What you need to do: Make an exact copy, from the records below, of the lines from the line containing "1990-2020. | ||||" to the line containing "建設(shè)單位指揮部史副", both lines included, excluding pictures.

Data records:
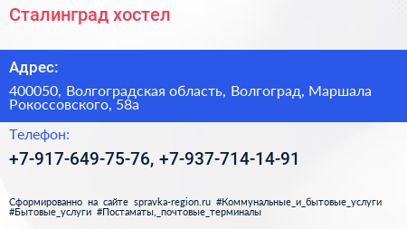 Сталинград, хостел по адресу 400050, Волгоградская область, Волгоград, Маршала Рокоссовского, 58а в дальнейшем Организация, размещена в следующих категориях:
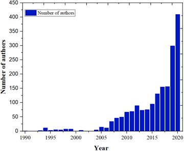 | Figura 3. Número de autores por año 1990-2020. | ||||
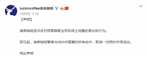 luckincoffee瑞幸咖啡10月8日在官方微博发表声明,瑞幸咖啡坚决反对损害国家主权和领土完整的言论和行为。即日起,瑞幸咖啡暂停与NBA中国赛的所有合作,取消一切相关市场活动。
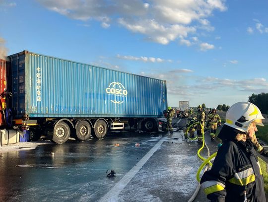 - W wyniku wypadku droga została całkowicie zablokowana - informuje mł. Kpt. Konrad Majewski, z-ca rzecznika prasowego KP PSP w Tczewi. - Łącznie 4 pojazdy: 3 ciężarowe i bus. Dwa samochody ciężarowe uległy pożarowi (płon) Zadysponowaliśmy łączni 10 zastępów jednostek straży pożarnej. Na miejscu pracuje obecnie kilka ZRM. Trwa ustalanie ilości poszkodowanych.
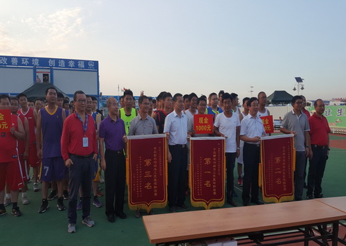 建設(shè)單位指揮部史副指揮長、工程部趙部長、監(jiān)理中企建發(fā)公司隋總為獲得冠軍、亞軍、季軍的籃球隊頒獎
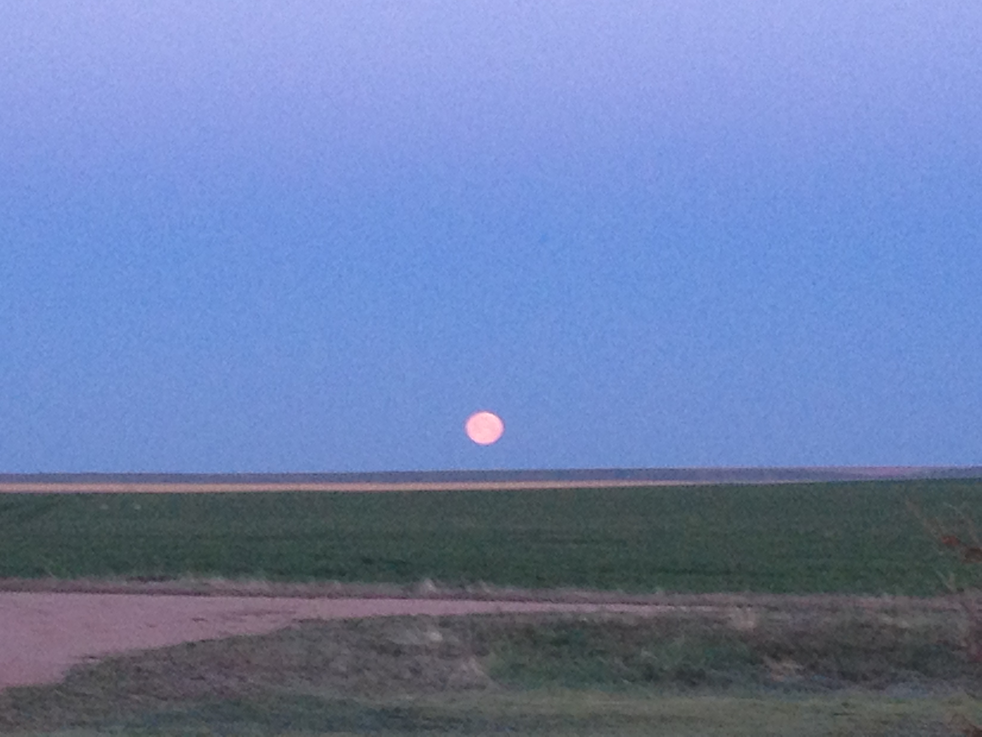 The setting moon this morning was just as beautiful as the rising sun. Blessing. If we take the time to notice, blessing is everywhere. Sometimes I feel so thick when I trudge around as if in a fog and then am brought up short by the blessings all around me. After I run and the chores are done and I finally sit down to write, I look out the window and see two bright little yellow birds flitting around in our trees-playing in the morning breeze. They are like tiny balls of sunshine flashing from branch to branch spreading joy all over the blossoms emerging from the frost. Amazing. This spring is so different from the last several with the cold and the moisture, bringing with it birds we’ve not seen and relief from the 87 degrees it was on this day last year! I don’t know how many people still rely on the Farmer’s Almanac, but it has been right on this year.
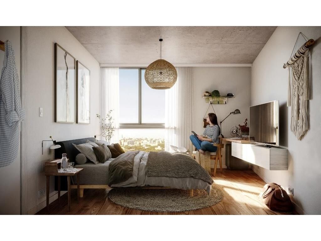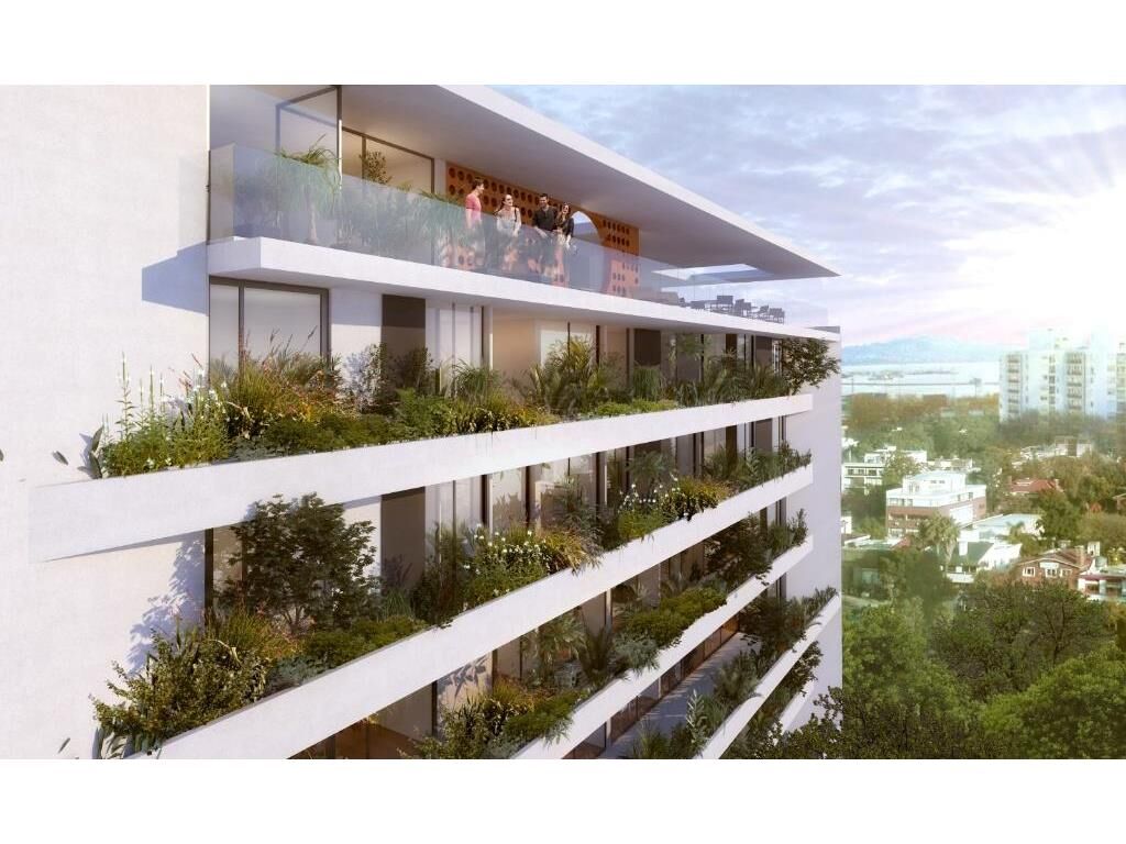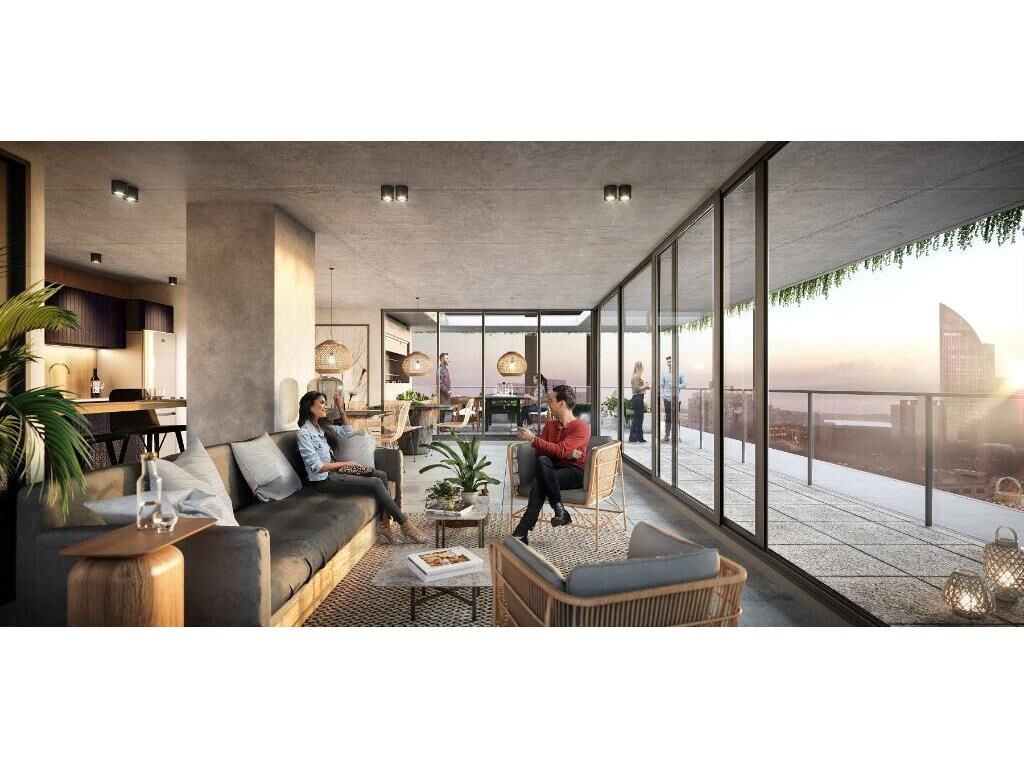 El edificio contará además con: hall y espacio de cowork vinculado con patio central, rooftop con vistas a la Bahía y al Cerro de Montevideo, mirador, parrilleros, SUM, solarium y bike parking.
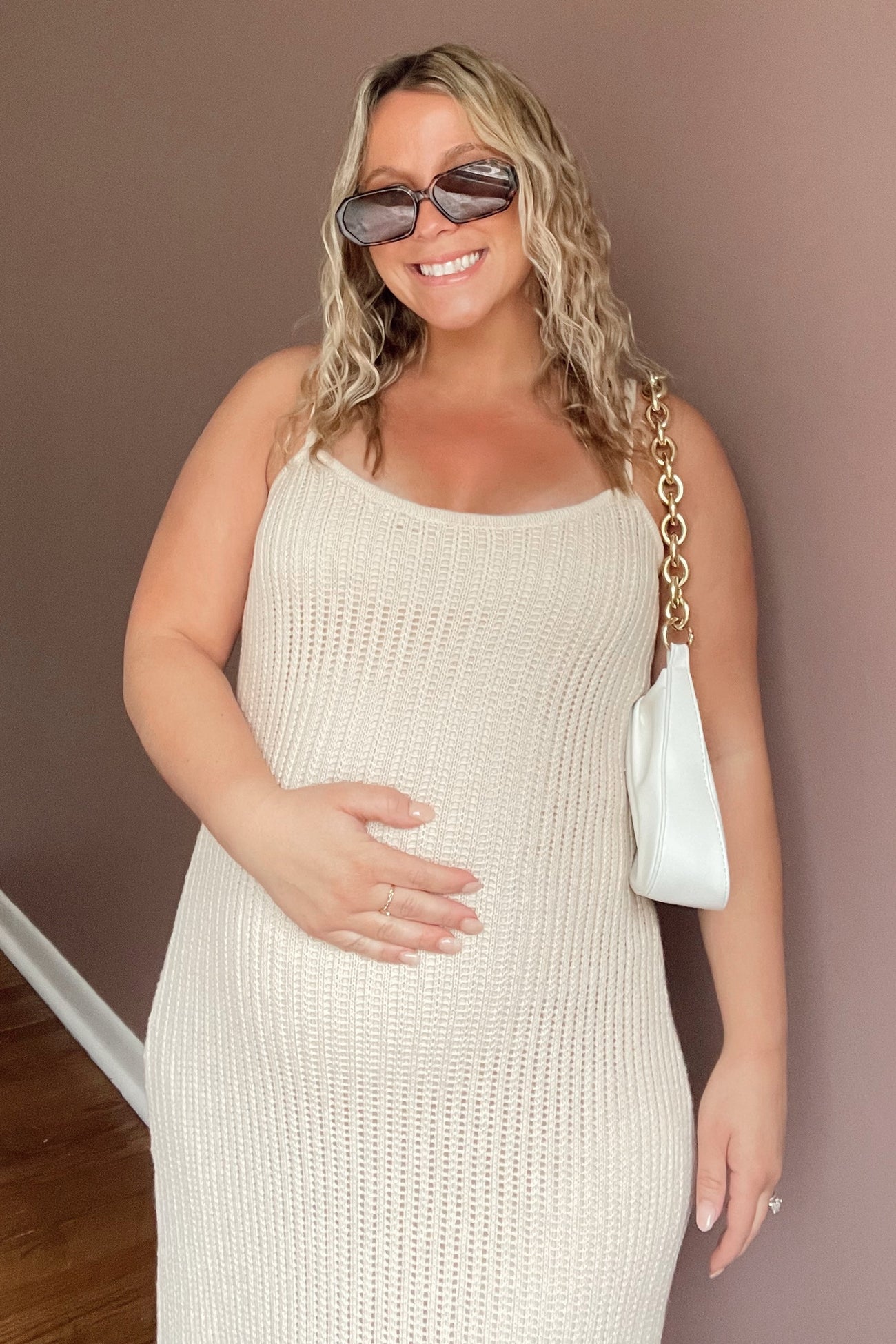An open knit crochet maternity dress featuring adjustable straps and a scoop neckline. Dress is lined.

Response to this exercise:
 | Figura 3. Número de autores por año 1990-2020. | ||||
 luckincoffee瑞幸咖啡10月8日在官方微博发表声明,瑞幸咖啡坚决反对损害国家主权和领土完整的言论和行为。即日起,瑞幸咖啡暂停与NBA中国赛的所有合作,取消一切相关市场活动。
 - W wyniku wypadku droga została całkowicie zablokowana - informuje mł. Kpt. Konrad Majewski, z-ca rzecznika prasowego KP PSP w Tczewi. - Łącznie 4 pojazdy: 3 ciężarowe i bus. Dwa samochody ciężarowe uległy pożarowi (płon) Zadysponowaliśmy łączni 10 zastępów jednostek straży pożarnej. Na miejscu pracuje obecnie kilka ZRM. Trwa ustalanie ilości poszkodowanych.
 建設(shè)單位指揮部史副指揮長、工程部趙部長、監(jiān)理中企建發(fā)公司隋總為獲得冠軍、亞軍、季軍的籃球隊頒獎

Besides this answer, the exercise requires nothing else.